Ini semua tentang manusia
Biaya bukanlah satu-satunya masalah. Anda tidak bisa begitu saja melepas suku cadang mobil Formula Satu dan memasangkannya ke mobil sehari-hari, atau sebaliknya. Sistem hybrid F1 sangat berbeda dari sistem rata-rata ToyotaPrius. Namun Infiniti dan Renault percaya bahwa orang yang sama dapat mengerjakan keduanya, dan menyebarkan pengetahuan dalam prosesnya.
“Walaupun produknya berbeda sama sekali, dan tentu saja dalam regulasi cara pembuatan produknya juga demikian sangat berbeda, teori dan pendekatan tekniknya sangat mirip,” Volpe, bos motor-sport Infiniti, dikatakan. Bos Renault Sport Racing Stoll menggemakan komentarnya.

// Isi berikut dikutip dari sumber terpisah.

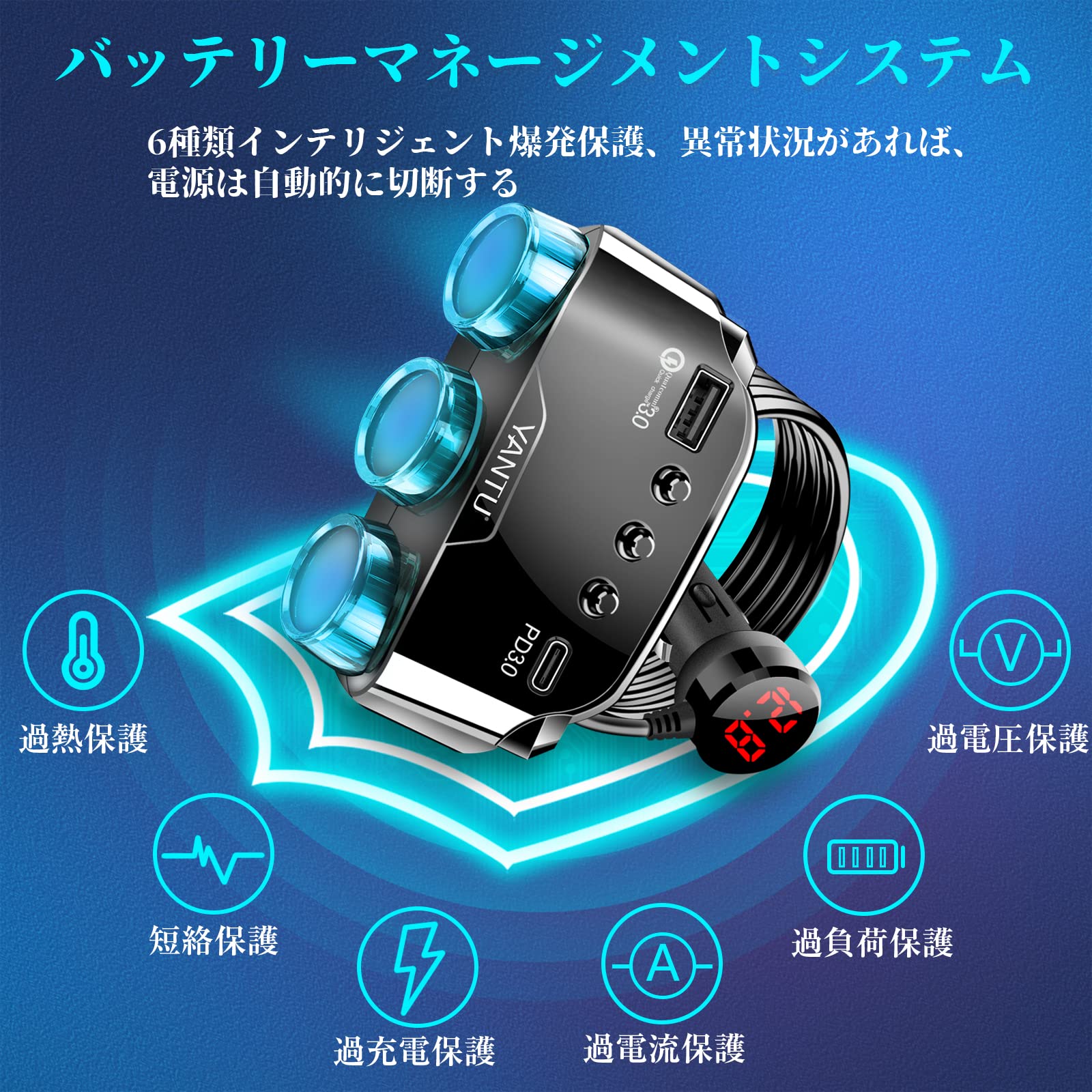 【最新PD22W&QC3.0高速充電規格搭載】各種設備の充電ニーズを満足するために、NEW登場した急速充電シガーソケットはTYPE-C(PD22W)とQC3.0急速充電規格を同時に追加し、スマホに充電だけでなく、最新のiphoneやパソコンも給電できます。また智能充電と智能分流機能を搭載し、超高速充電を実現しました。

“Formula Satu, mungkin Anda merasa ini sangat terstruktur, tapi idenya datang dari mana-mana. Anda harus meningkatkannya selangkah demi selangkah dengan detail yang sangat kecil. Jadi ide apa pun yang mungkin datang dari satu pasangan atau lainnya bisa digunakan bersama-sama.”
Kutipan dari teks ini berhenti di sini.